On Location_ Kantamanto

Fifteen million pre-owned garments arrive each week in Accra, the capital of Ghana, at Kantamanto, the largest second-hand clothing market in West Africa, and possibly the world. The garments that land here from the Global North are cast-offs — donations, deadstock, mistaken purchases, unwanted gifts, returns that were never re-stocked, or unsold items from various resale platforms. But to describe Kantamanto as only a second-hand market does not paint a complete picture; the market is also the primary fashion destination for many Ghanaians. It is a multifaceted place to shop, to source material for various creative projects, and to socialize with friends. It is also the workplace for roughly 30,000 people who resell, repair, and upcycle clothes.
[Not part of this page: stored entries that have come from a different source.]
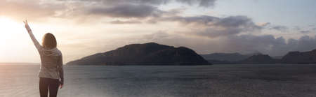 Woman standing with peace sign hand on the West Coast of Pacific Ocean. Sunrise or Sunset Sky Art Render. Panoramic Landscape from Alaska. Adventure, Love Concept Composite
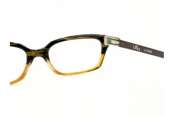 USH(アッシュ)のU-009Maduro 5 Genios。天地幅は浅めでシャープな印象、ガッチリとしたスクエア型のセルフレームで、カッティングデザインがCOOLな一本。チタン製のボックスパーツは、バネ蝶番内臓で、快適にかけていただけます。フロントサイドには、アイコンである角モチーフがあしらわれています。
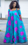 • Off-Shoulder Short sleeve maxi dress in a bold African fabric
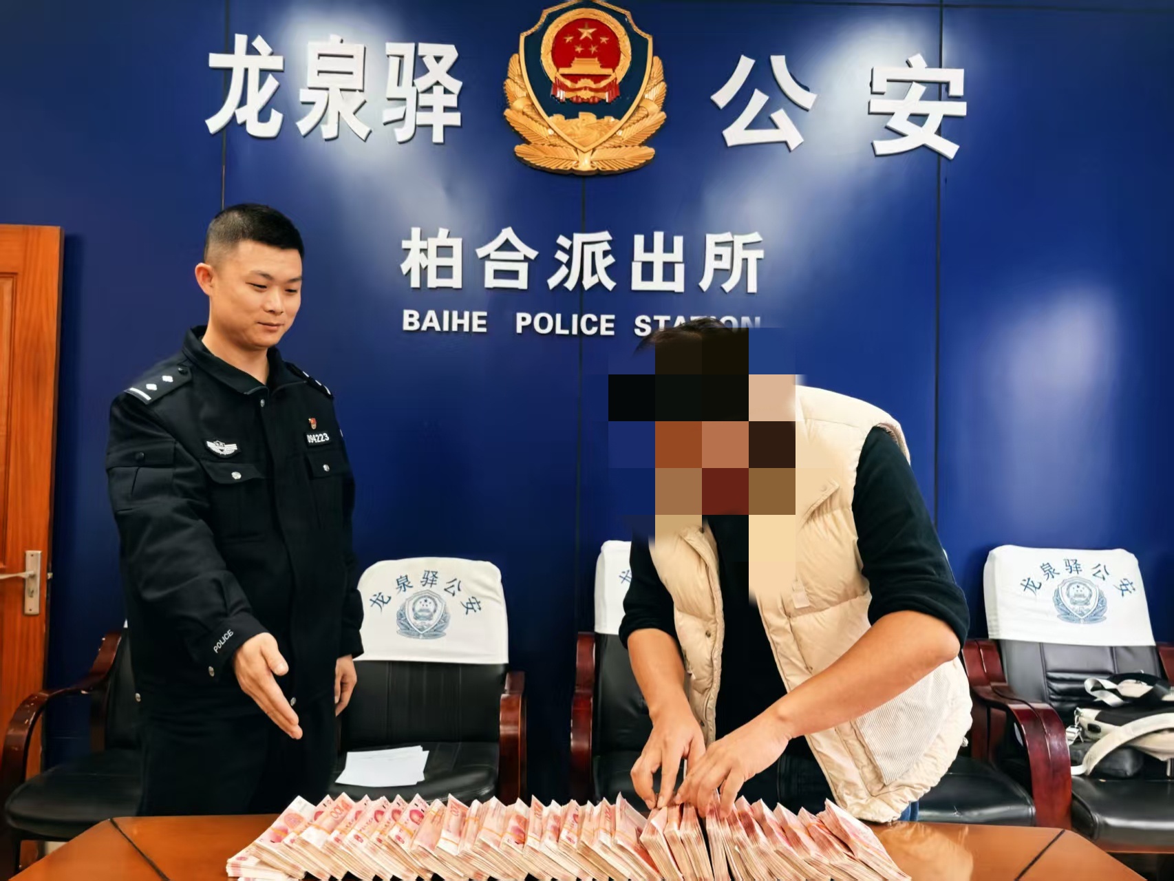 近日,成都市公安局龙泉驿区分局柏合派出所在开展侦查工作时,抓获“取钱手”周某,现场挡获现金30万元。经核查,这笔现金为受害人余先生的被诈骗款项。掌握到相关信息后,民警立即通知余先生到派出所。
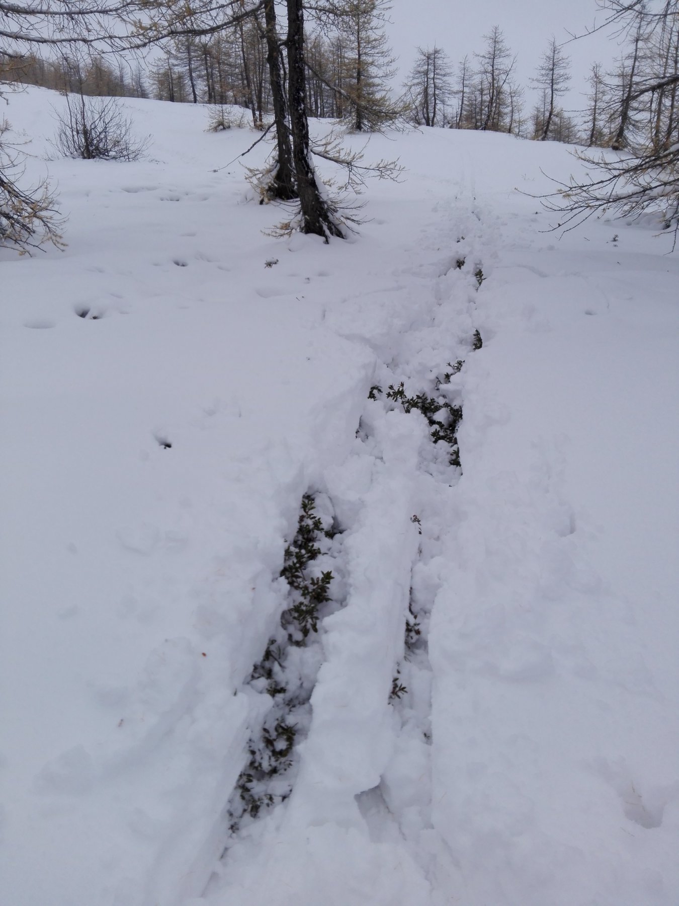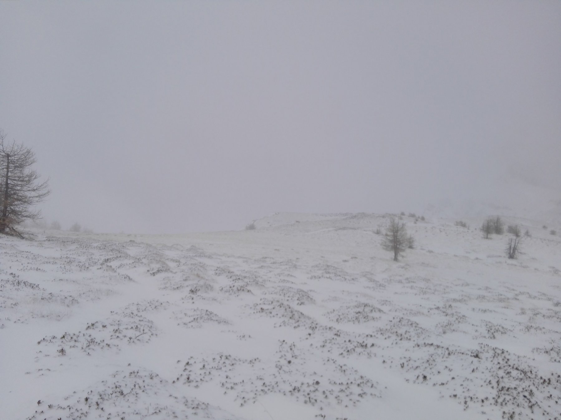 Sono partito – sci nello zaino – alle 13:15 con circa 20 cm di neve umida e un grado centigrado. oltre 2000 metri è difficile quantificare gli accumuli, a causa dell’azione eolica. In alto la bufera imperversava e oggi la vetta era soltanto per superduri alla Brusa, quindi mi sono fermato prima.
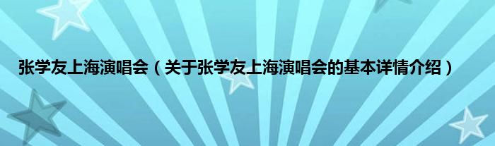 本文关于张学友上海演唱会的基本详情介绍就讲解完毕,希望对大家有所帮助。
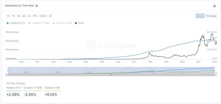 Holder trong dữ liệu sau đây sử dụng chuẩn thời gian là 1 năm. Lượng holders mua BTC và nắm giữ ít nhất một năm đã không ngừng tăng ngay cả trong giai đoạn biến động suy giảm đầu năm 2022.
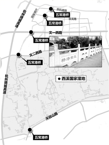 “三年前,我骑车经过天目山路五常大道口,就看到一座桥上刻着‘五常港桥’四个大字,当时印象很深刻。可去年10月份,我骑车经过西溪湿地,发现在文二西路上跨五常港的那座桥也叫这个名。”当时苏爷爷纳了闷,这桥还能搬家的呀?
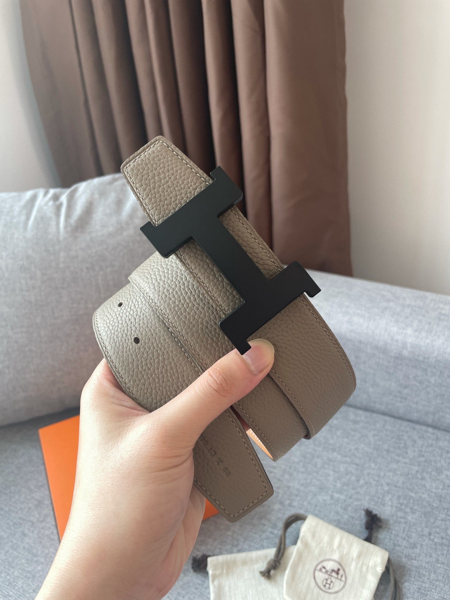 H CONSTANCE REVERSIBLE BELT 38MM BLACK BUCKLE GOLD TIN GREY LEATHER
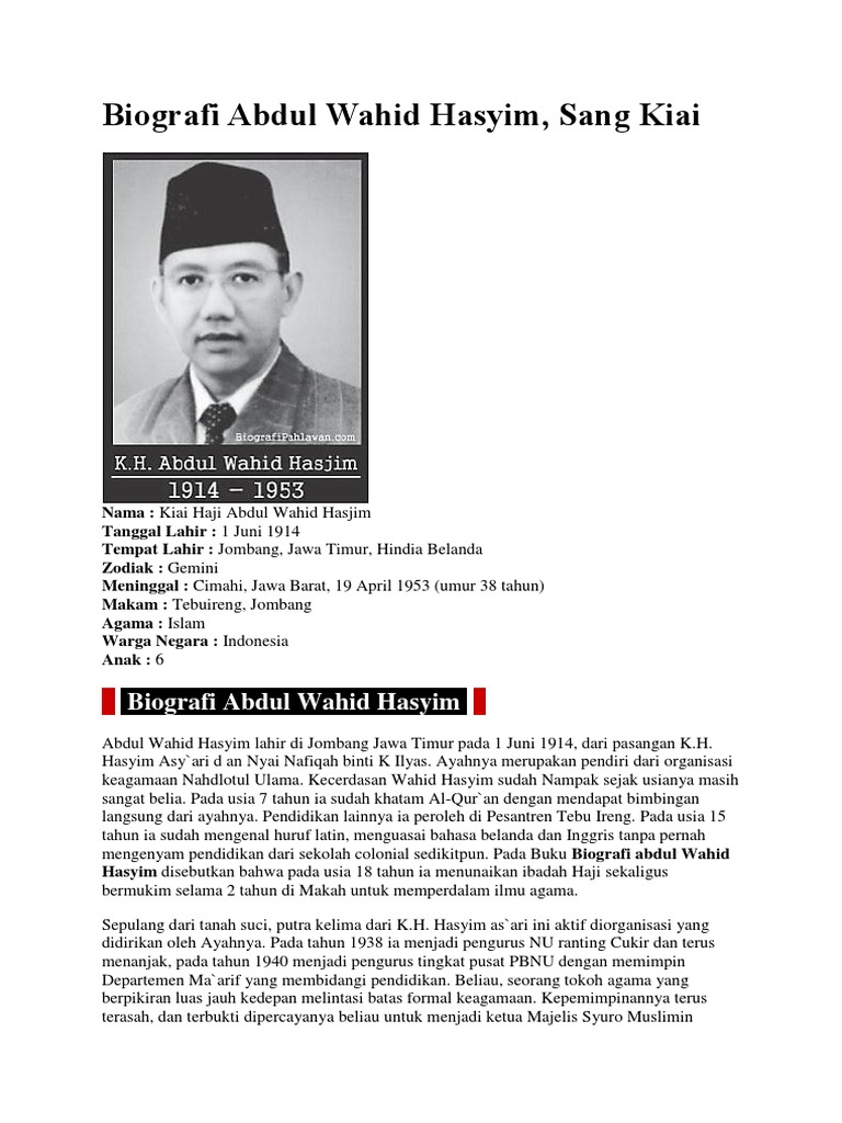 KH Abdul Wachid Hasyim - Tentang | Facebook

All this is made possible by the labor of girls and women known as kayayei.

Kayayei is a term that translates to “women who carry the burden,” and that is exactly what their work entails. These women, some as young as eight years old, transport 120-lb bales of second-hand clothing from importers to retailers, from retailers to other retailers, from retailers to burn piles or dumpsites, and everywhere in between. It’s always back-breaking labor, but at times it is also fatal. Weaving in and out of the market, often with a baby wrapped to her back, a kayayo earns barely enough to pay for basic necessities. The collective labor power of the kayayei is absolutely necessary to recirculate the millions of garments donated by well-intentioned people from the Global North. Most of us, however, never consider that such labor exists, let alone that it might be exploitative.

For centuries labor activists have campaigned against human rights abuses in the production of new clothing, from abolitionists and union organizers to todays’ Fashion Revolution and PayUp movements. This important work has raised awareness of first-hand supply chain issues and led many people to shop for second-hand clothing as a way to absolve themselves of the shame they feel around their consumption habits. We absolutely encourage people to shop secondhand if there is a need to replenish one’s wardrobe, but we also believe there is cause to be aware of the complexities inherent in the search for panaceas. When the whole industry is built on inequality and the devaluation of people and the planet, secondhand is not a utopia operating outside of these patterns. Rather, today’s second-hand economy exists because of exploitative practices within the industry that produce the excess that fuels second-hand trade. We shouldn’t be surprised therefore that the second-hand supply chain also relies on exploitative practices to operate at the scale and pace of an excessive first-hand industry.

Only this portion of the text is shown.